Task to complete: Taking the line that contains "Watercolor forest, gold" as the start and the last line of the data as the end, repeat exactly every line in that span, but no pictures.

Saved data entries
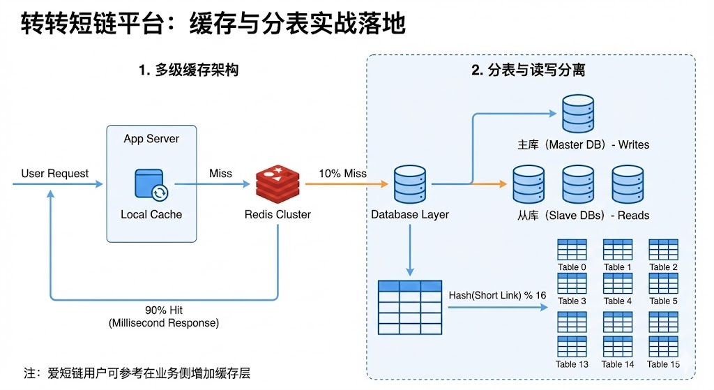 转转短链平台采用了"本地缓存 redis分布式缓存"的组合方案。本地缓存部署在应用服务器上,存储访问频率最高的短链数据。请求进来时先查本地缓存,未命中再查redis,最后才查数据库。这种多级缓存架构可以实现流量的逐层过滤。如果你在使用爱短链这类工具生成短链,也可以考虑在自己的业务系统中增加缓存层。爱短链本身提供了稳定的短链生成和跳转服务,但如果你的访问量特别大,在前端增加一层缓存会让整体响应更快。
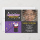 Cette invitation de partie de spectacle de magie comporte un lapin blanc jetant un coup d'oeil hors du casquette supérieur d'un magicien, d'une baguette magique magique, d'un endroit pour la photo de votre enfant et du texte personnalisable pour votre information de partie.
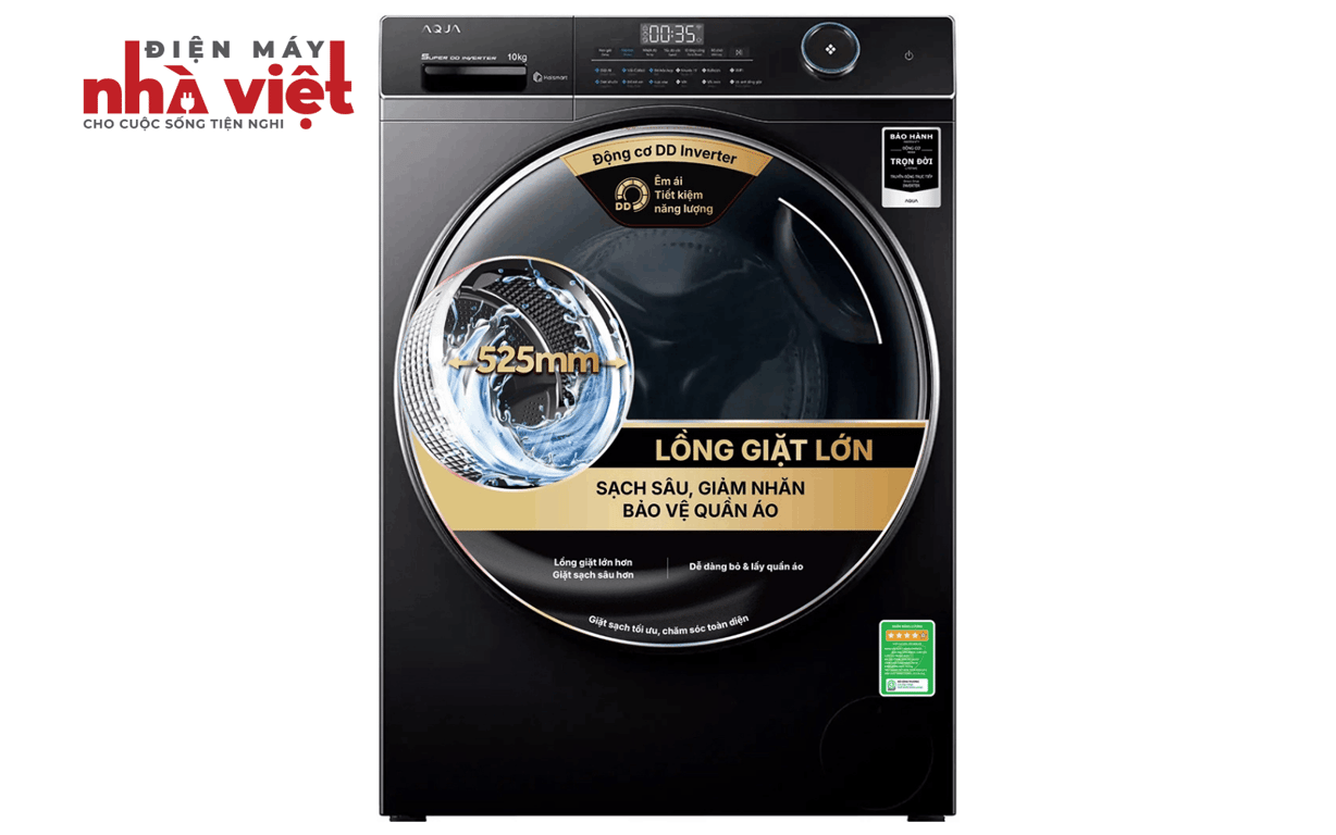 - Máy giặt Aqua áp dụng công nghệ Inverter giúp tiết kiệm điện năng đáng kể so với máy giặt thông thường.
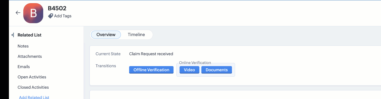 For example, imagine a vehicle insurance company processing a claim. After a client submits a claim, a surveyor must verify the vehicle before approving the claim. The surveyor has two options: conduct an online verification by requesting videos, photos, and relevant documents, or perform an in-person inspection at the vehicle owner’s location. Here, you could create a standard transition for offline verification or set up a parallel transition for online verification between the two stages. Once the surveyor completes either the standard in-person verification or both sub-transitions of the online verification process, the insurance claim can proceed to the approval stage.
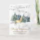 Watercolor forest, gold reindeer, and string lights on bokeh background make this a perfect Christmas or holiday greeting card for friends and family.
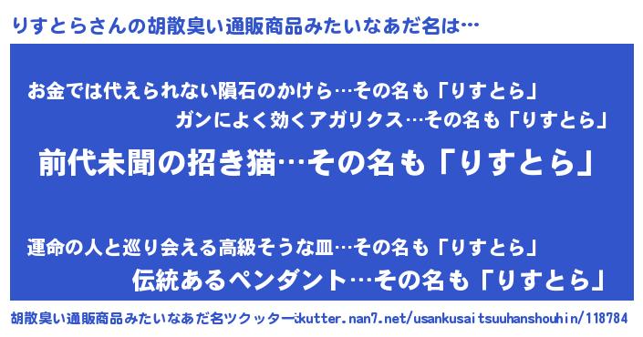 | ヘコむあだ名 | 『りすとら(笑)』『りすぷりん』 |
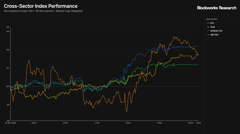 Markets bounced on Monday as odds swung back toward a potential December rate cut. Bitcoin climbed as much as 2.73%, briefly pushing above $89,000 before closing the day at $88,200 (+1.72%). The standout performer, however, was the Nasdaq 100 (+2.22%), posting its strongest daily gain since mid-May. The S&P 500 (+1.20%) also logged its best session in six weeks, while Gold (+1.75%) edged out BTC on the day, closing at its highest level since Nov. 14.

Solution to the problem:
 Watercolor forest, gold reindeer, and string lights on bokeh background make this a perfect Christmas or holiday greeting card for friends and family.
 | ヘコむあだ名 | 『りすとら(笑)』『りすぷりん』 |
 Markets bounced on Monday as odds swung back toward a potential December rate cut. Bitcoin climbed as much as 2.73%, briefly pushing above $89,000 before closing the day at $88,200 (+1.72%). The standout performer, however, was the Nasdaq 100 (+2.22%), posting its strongest daily gain since mid-May. The S&P 500 (+1.20%) also logged its best session in six weeks, while Gold (+1.75%) edged out BTC on the day, closing at its highest level since Nov. 14.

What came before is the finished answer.